On 2/14/21 2:39 PM, Alejandro Colomar wrote:
Until now, the manual pages have (usually) documented only either
the glibc (or another library) wrapper for a syscall, or the raw
syscall (this only when there's not a wrapper).

Let's document both prototypes, which many times are slightly
different. This will solve a problem where documenting glibc
wrappers implied shadowing the documentation for the raw syscall.

It will also be much clearer for the reader where the syscall
comes from (kernel? glibc? other?), by adding an explicit comment
at the beginning of the prototypes. This removes the need of
scrolling down to NOTES to see that info.

Signed-off-by: Alejandro Colomar <alx.manpages@xxxxxxxxx>
---

Hi all,

This is a prototype for doing some important changes to the SYNOPSIS
of the man-pages.

The commit message above explains the idea quite well. A few details
that couldn't be shown on this commit are:

For cases where the wrapper is provided by a library other than glibc,
I'd simply change the comment. For example, for move_pages(2),
it would say /* libnuma wrapper function: */.

I think this would make the samll notes warning that there's no glibc
wrapper function deprecated (but we could keep them for some time and
decide that later).

While changing this, I'd also make sure that the headers are correct,
and clearly differentiate which headers are needed for the raw syscall
and for the wrapper function.

This change will probably take more than one release of the man-pages
to complete.

Any thoughts?

My first impression is that I'm not keen on this. We'll add extra
text to all Section 2 pages, and in many (most?) cases the info
will be redundant (i.e., the wrapper and the syscall() notation
will express the same info). In other cases, I suspect the info
will be largely irrelevant to the user. To take an example: to
whom will the difference that you document below for execve()
matter, how will it matter, and does it matter enough that we
headline the info in the pages? I'd want cogent answers to
those questions before considering a wide-ranging change.

It will matter to:

1) Users of old systems where the glibc wrapper is not yet present.

3) Users of some unicorn Linux distributions that use a C library different than glibc and may not have wrappers for some syscalls that glibc provides.

2) Library (libc) developers.

Those won't have the glibc wrapper available for them, and will have to use syscall(2). The kernel syscall info would be highly valuable for them. However, the sum of them is probably not a big number of people.



There are indeed cases where the wrapper API differs in
significant ways from the syscall API (and these differences
are usually captured in the " C library/kernel differences"
subsections, such as for pselect()/pselect6() in select(2)).
But I imagine that that is the case in only a smallish
minority of the pages.

And indeed there are a very few syscalls that have wrappers
provided in another library.

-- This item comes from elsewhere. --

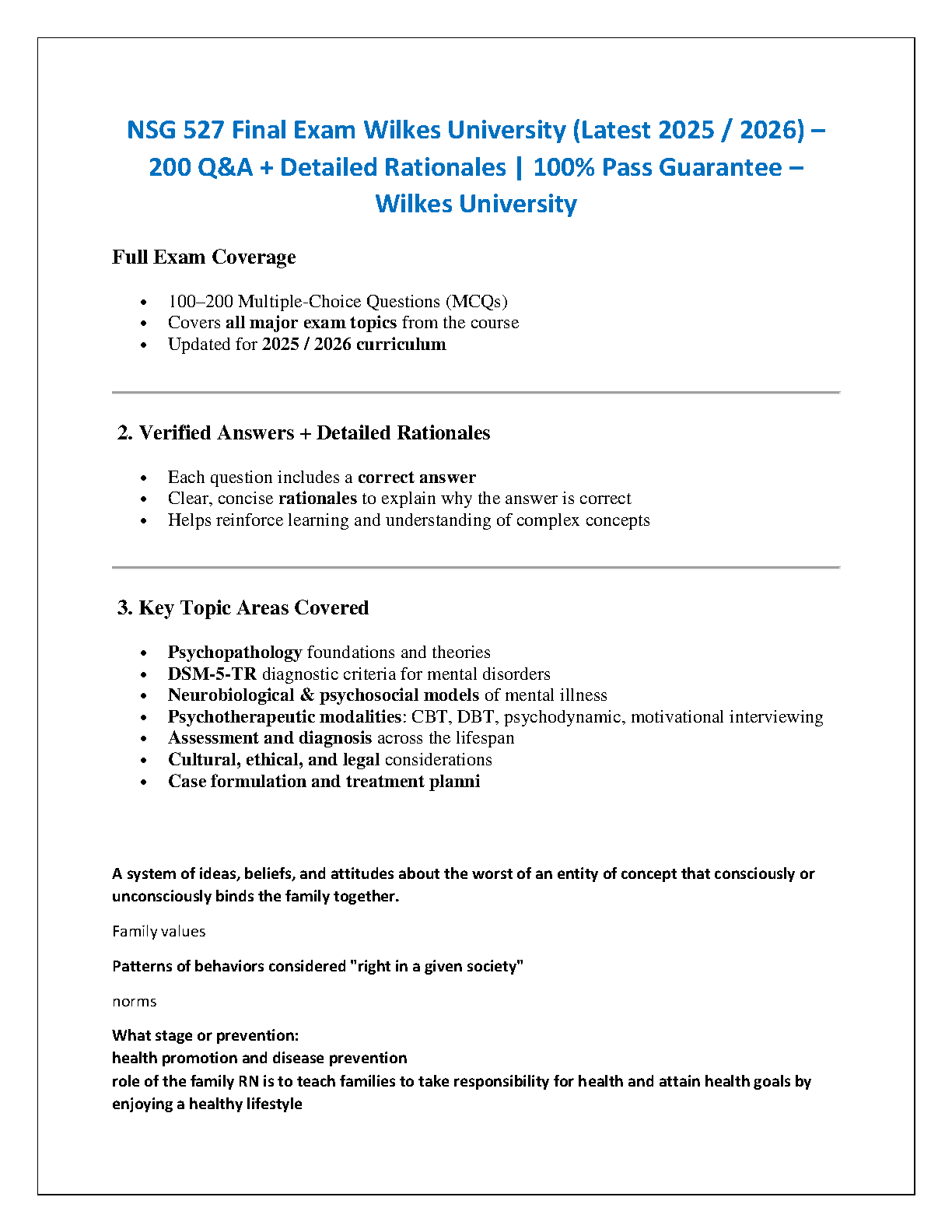 Prepare to pass your NSG 527 Final Exam at Wilkes University with confidence! This comprehensive study guide, fully updated for the 2025/2026 academic year, is your ultimate tool for success. Featuring over 200 meticulously crafted multiple-choice questions, each paired with a verified answer and in-depth rationale, this resource is designed to ensure you pass on your first attempt. Dive deep into all key course topics, including psychopathology foundations, DSM-5-TR criteria, neurobiological models, psychotherapeutic modalities like CBT and DBT, and crucial ethical considerations. Our clear, concise explanations will demystify complex concepts, reinforcing your learning and building the knowledge you need to excel. Stop worrying about resits and start studying smarter with this essential guide to acing your NSG 527 final.

But it's a very small percentage
I think, and best documented case by case in specific pages.
The default presumption is that the wrapper is in the C library.

Agree.


There are other cases where I think it may be worthwhile
considering the syscall() notation:

1. Where the system call has no wrapper. In that case, we might
use the syscall() notation in the SYNOPISIS as both
(a) a clear indication that there is no wrapper and
(b) instructions to the reader about how to call the
system call using syscall().

Yes.


2. In cases where there is a "significant" difference between
the wrapper and the system call. In this case, we might
also place the syscall() notation in the SYNOPSIS, or
(perhaps more likely) in the NOTES

Yes.

I think it would be equally good to have the kernel syscall prototype in "C library/kernel ABI differences" in those cases where there is a glibc wrapper (even if it's quite different). It would be even better, as it would clearly mark the syscall(2) method as a second-class method, that should be avoided if possible. And also wouldn't add lines to the SYNOPSIS.

However, we should probably have that subsection for all syscalls, including those where the prototype is very similar to the glibc one, to support those who need to use the kernel syscall, and provide them with the exact types that the kernel expects.(except for those unsupported by libraries, of course, which would have the syscall(SYS_xxx) prototype in the SYNOPSIS).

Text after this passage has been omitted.